For once, community members hoped that the defunct system of mine safety regulation would be seen for what it truly was, and, maybe, just maybe, the system would be fixed. With the possibility that mine inspectors and mine officials were facing time in prison due to their failures to uphold mine safety laws, people speculated that they scrambled to find ways to clear their names, or at least lessen the backlash they would receive for their failures to protect the lives of eight men—men whose families would never truly recover from the loss of their loved ones.
During the investigation, officials supposedly “found” cigarette lighters and cigarettes in one of the fallen miner’s dinner buckets. They had a “cause,” a “direct reason” for the explosion that would take attention away from the largest causes of the explosion—the bypassed methane detector, the mine ventilation that was not kept in accordance with the law, and failures to keep coal dust under control by applying rock dust.
People within the community, including other miners who worked for Ridley’s mining operations, suspected the cigarettes and lighters were planted to place blame on men who could not defend themselves. Family and friends of the fallen miners were outraged at the allegations.

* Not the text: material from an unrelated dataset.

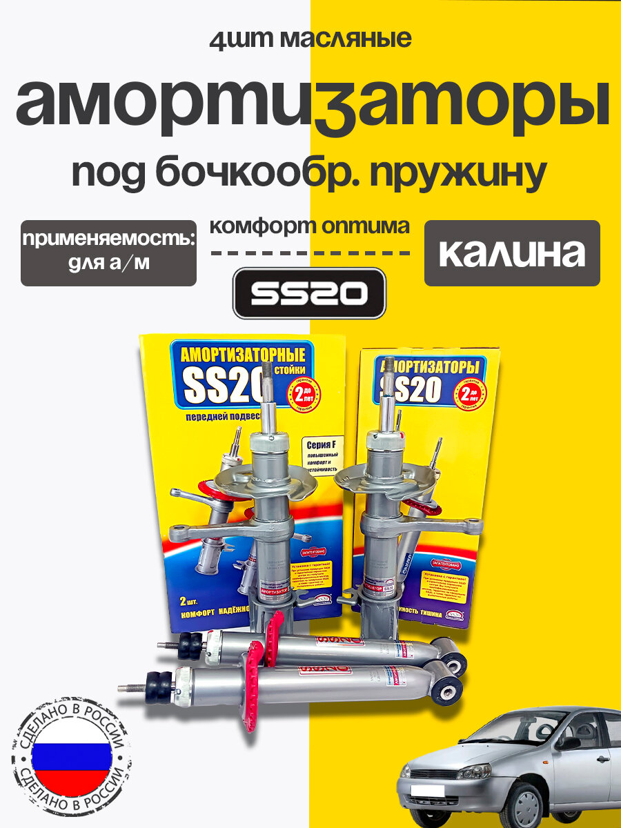 Комплект из 4 шт: 1. Амортизаторная стойка передней подвески под бочкообразную пружину SS20.41П/Л.00.000-02 Комфорт оптима для а/м ВАЗ 1119 Комплект 2шт. 2. Амортизаторы задние 2шт SS20 ВАЗ 2110, 2111, 2112, 1117, 1118, 1119 Комфорт оптима. Применяемость: ВАЗ 1117, 1118, 1119. «Комфорт оптима» — оптимальное решение как для спокойной, так и активной езды по городу и трассе, со сбалансированным сочетанием плавности хода и управляемости (по сравнению со «стандартом» увеличена энергоемкость, улучшена управляемость и снижены крены в поворотах). Производитель: SS20

Several years later the widows of the fallen miners filed a lawsuit against the Mine Safety and Health Administration for not performing their duty. The story made the papers when a federal judge exonerated the MSHA officials, stating the accident was a result of the mine owner’s failure to maintain safe working conditions, yet no further actions were taken against Ridley following that ruling. Ridley Elkins still enjoys life today in Clintwood, Virginia.